A lot of team-building strategies tend to focus on shoring up your team's weaknesses and coaching individuals to get better at things that may not be in their natural skill sets. While it may make sense to help your team members develop these skills, I often see this become the dominant focus in team-building strategies.
I think teams can perform better when business owners and leaders take their eyes off of what the teams aren't good at. When you start playing to your team's strength, you may see ways to handle the things they aren't great at so you don't get tripped up by them.
Choosing Where You Focus Your Team-Building Strategies
If I asked you to make a list of what your team is really good at, I bet, with some thought, you could come up with a solid number of strengths.
But if I asked you make another list of what your team isn't good at, I bet that list wouldn't require as much thought—and it could easily be longer than the first. Many of us simply find it easier to filter for what assets we are lacking rather than for what assets we already have. As managers, being aware of both can be important, but it is where you apply your focus that can help change your team's performance.
Let's look at a non-work example to illustrate what I mean. Let's say you are cooking dinner for a group of important people whom you want to impress. You are great at making amazing salads and fabulous main courses, but you're not very skilled in making equally amazing and fabulous desserts. You now have a choice. You can focus the majority of your time and energy learning how to make an elaborate dessert or you can come up with an alternative that allows you to concentrate most of your energy on what you're good at. Which would you choose?
The Benefits of Increasing Your Team's Performance
If you chose the latter—coming up with an alternative that lets you concentrate on what you're good at—you're well on your way to understanding why your team may be able to perform better under the same scenario.
In my experience with developing team-building strategies, I've found three reasons this is true:
1. We may be happier doing the kind of work we are really good at. In his book, Flow: The Psychology of Optimal Experience, world-renowned researcher Mihaly Csikszentmihalyi writes that satisfaction in work doesn't depend on position, reward or environment. Instead, he posits that it depends on our ability to improve, to produce higher-quality work and to enjoy what we do.
2. We may be faster doing the kind of work we are really good at. That naturally makes sense, doesn't it? Theoretically if we're good at something, we know how to do it so well that we're quicker at it than someone who isn't as good at it.
3. We may produce higher quality work when we do what we are really good at. Again, that may not be a big surprise. If we are good at something, we usually produce higher quality work than someone who isn't.

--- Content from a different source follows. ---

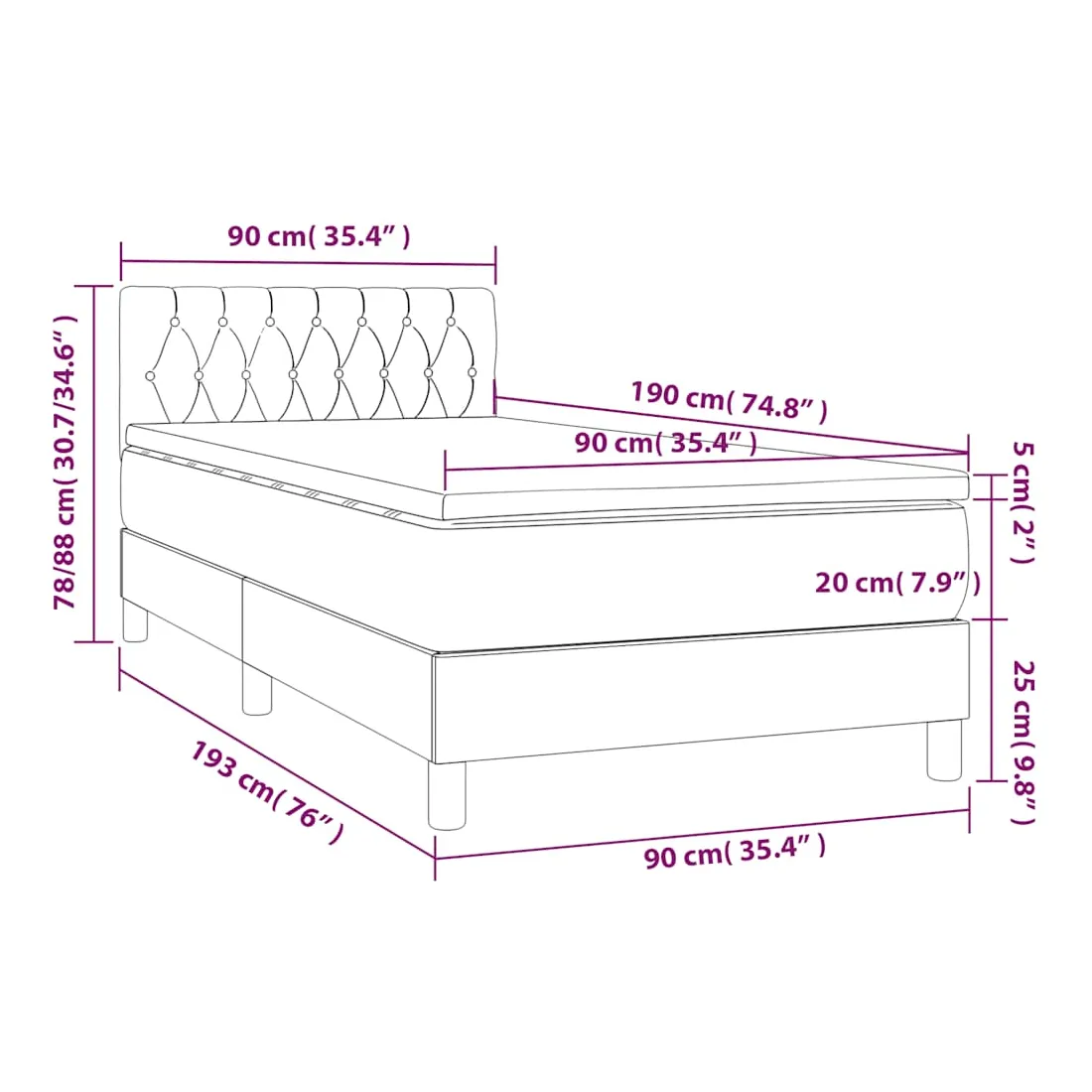 • Dimensions : 90 x 190 x 20 cm (l x L x H)

Playing to Your Team's Strengths and Handling Their Weaknesses
Filtering for what your team does well—and making a plan to fill the gaps for the things they don't do as well—can help increase your team's productivity and enthusiasm. These five strategies may help you accomplish that:
1. Take the time to assess the strengths, weaknesses and interests of each team member. You probably have a good idea of what each person is good at, and maybe what they aren't good at. One way to know for sure though is to take the time to ask questions and actually find out. While you are at it, consider finding out what they are interested in doing that they may not be good at.

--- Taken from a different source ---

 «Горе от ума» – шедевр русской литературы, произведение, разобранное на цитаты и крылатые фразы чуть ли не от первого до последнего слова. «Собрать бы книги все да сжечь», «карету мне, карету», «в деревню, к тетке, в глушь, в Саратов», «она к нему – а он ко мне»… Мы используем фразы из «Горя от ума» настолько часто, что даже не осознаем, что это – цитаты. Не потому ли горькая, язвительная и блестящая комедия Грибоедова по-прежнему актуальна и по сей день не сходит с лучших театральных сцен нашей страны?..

2. Develop a skills composite of your team. You can use what you just learned to develop a comprehensive team composite. This composite can help spell out what your team is good at and where the specific skill gaps are. This can help give you a very clear picture of what's missing. At this point, you have two choices: You can hire new team members who have the missing skills (which may be cost prohibitive), or you can train current team members in those missing skills.
3. Start filling in skills gaps within your team. Remember when you asked your team members what they were interested in that they may not be good at (yet)? You can use the information you gathered to map out who would be the best candidates to learn those skills. Offering them additional training or education in those areas can help you start filling in those gaps. If someone raises their hand and says "Yes, I'm interested in that," they may be an enthusiastic learner.

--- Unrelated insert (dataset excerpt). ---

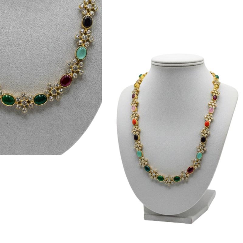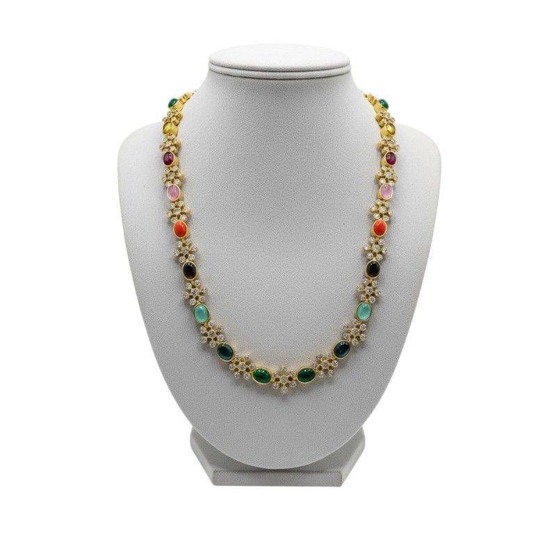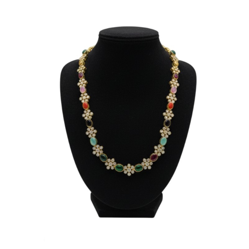 - Navratna Gemstones: Features nine genuine-looking, multi-colored cabochon stones—each representing a celestial body—set in intricate floral motifs accented with sparkling white stones.

4. Assign tasks based on strengths. When you have a team project, try divvying out tasks according to the strengths of each team member. If you've got a task that no one is particularly strong at, consider giving it to someone who has expressed interest in learning that skill. If you still don't have anyone, you could develop a system for rotating these kinds of assignments so the same person doesn't always get stuck with them.
5. Regularly re-evaluate your team skills composite. As team members start filling in skill gaps, your team composite may shift to reflect these new-found strengths. By updating your composite on a regular basis (I recommend at least quarterly), you may be better able to focus on what your team is good at and monitor your progress on shoring up what they aren't good at.
When it comes to developing team-building strategies for your employees, investing the time in learning your team's strengths and weaknesses can pay off. Once you know this, it can become easier to focus on what they do well. You can then begin to anticipate what they need to perform even better.
By shifting your focus and your energy to playing to your team's strengths, you may start to feel more confident in them and they, in turn, may feel more confident in you.